Items from a dataset
══════════════════════════════

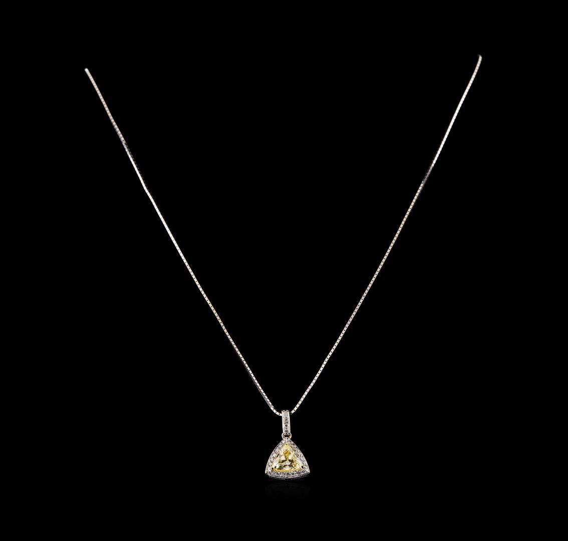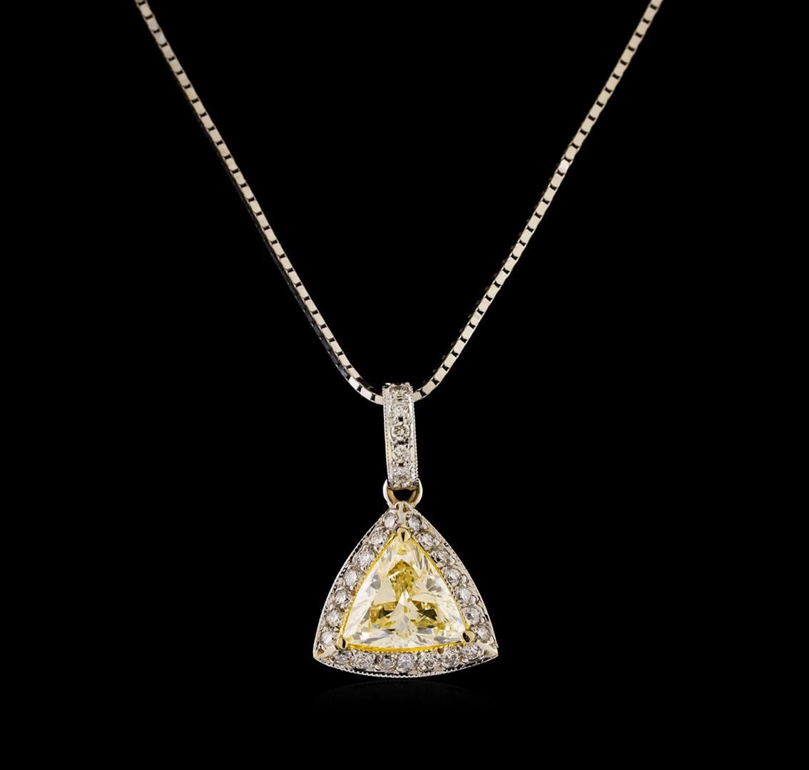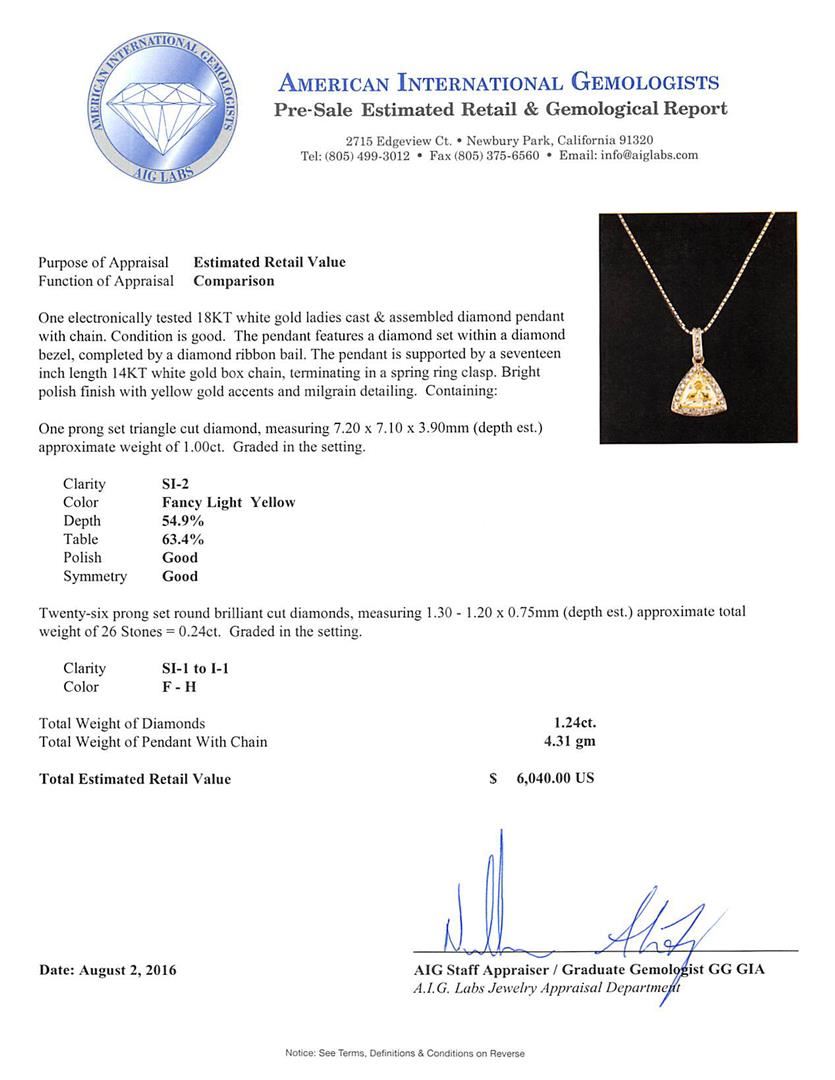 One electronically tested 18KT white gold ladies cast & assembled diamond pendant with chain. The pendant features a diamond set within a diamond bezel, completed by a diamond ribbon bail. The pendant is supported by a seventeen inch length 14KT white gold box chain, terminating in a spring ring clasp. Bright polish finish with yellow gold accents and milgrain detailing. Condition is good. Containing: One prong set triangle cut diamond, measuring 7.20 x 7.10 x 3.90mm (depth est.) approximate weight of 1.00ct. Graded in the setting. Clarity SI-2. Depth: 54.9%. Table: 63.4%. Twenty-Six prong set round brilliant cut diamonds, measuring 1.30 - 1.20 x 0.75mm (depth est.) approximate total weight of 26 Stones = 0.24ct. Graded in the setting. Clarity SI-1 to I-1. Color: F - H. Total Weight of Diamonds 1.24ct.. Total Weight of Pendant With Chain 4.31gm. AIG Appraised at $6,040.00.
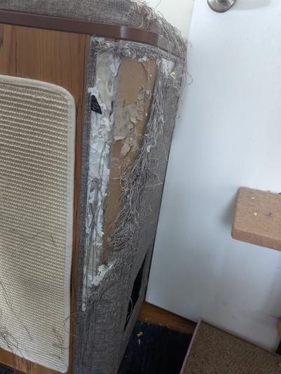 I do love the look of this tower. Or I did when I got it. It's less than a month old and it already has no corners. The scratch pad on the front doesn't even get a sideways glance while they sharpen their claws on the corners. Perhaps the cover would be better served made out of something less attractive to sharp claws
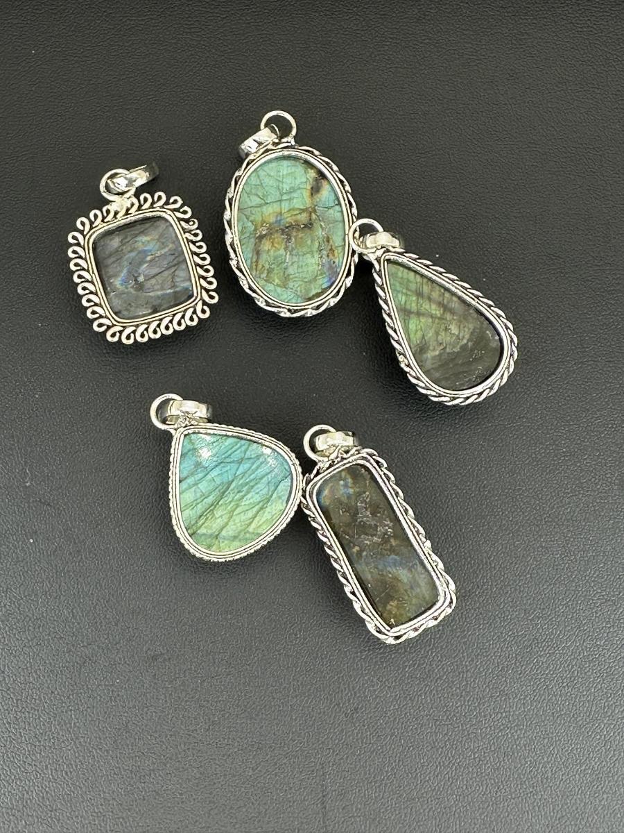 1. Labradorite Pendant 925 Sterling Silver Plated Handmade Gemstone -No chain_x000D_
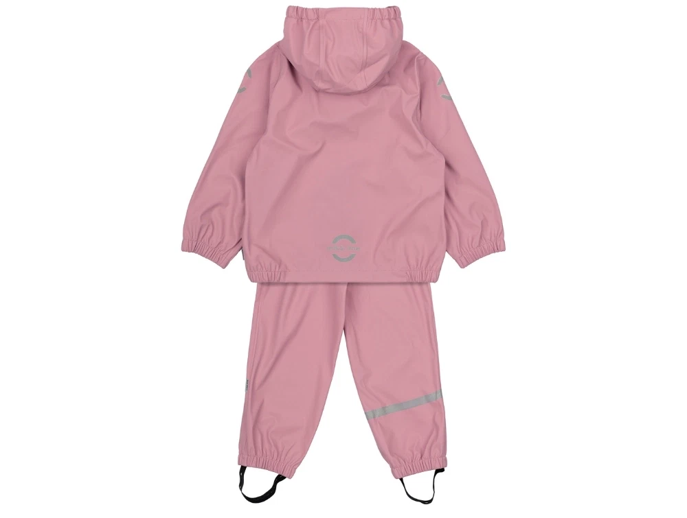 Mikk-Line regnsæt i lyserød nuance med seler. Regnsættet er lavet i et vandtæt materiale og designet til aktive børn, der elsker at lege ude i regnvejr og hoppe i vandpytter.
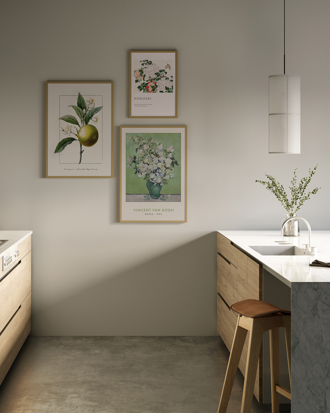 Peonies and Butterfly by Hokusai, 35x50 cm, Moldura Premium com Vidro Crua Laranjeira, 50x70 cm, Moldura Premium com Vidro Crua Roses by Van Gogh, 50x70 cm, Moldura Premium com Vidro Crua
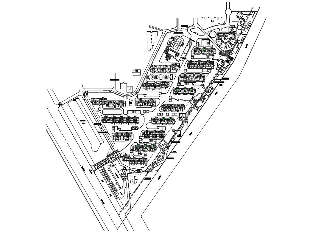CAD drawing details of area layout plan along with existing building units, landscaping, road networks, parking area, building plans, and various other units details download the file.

══════════════════════════════

Task to complete
Output only the lines running from the line with "Mikk-Line regnsæt i" through the last line of the entries above, inclusive, with pictures excluded.

Problem solution
 Mikk-Line regnsæt i lyserød nuance med seler. Regnsættet er lavet i et vandtæt materiale og designet til aktive børn, der elsker at lege ude i regnvejr og hoppe i vandpytter.
 Peonies and Butterfly by Hokusai, 35x50 cm, Moldura Premium com Vidro Crua Laranjeira, 50x70 cm, Moldura Premium com Vidro Crua Roses by Van Gogh, 50x70 cm, Moldura Premium com Vidro Crua
CAD drawing details of area layout plan along with existing building units, landscaping, road networks, parking area, building plans, and various other units details download the file.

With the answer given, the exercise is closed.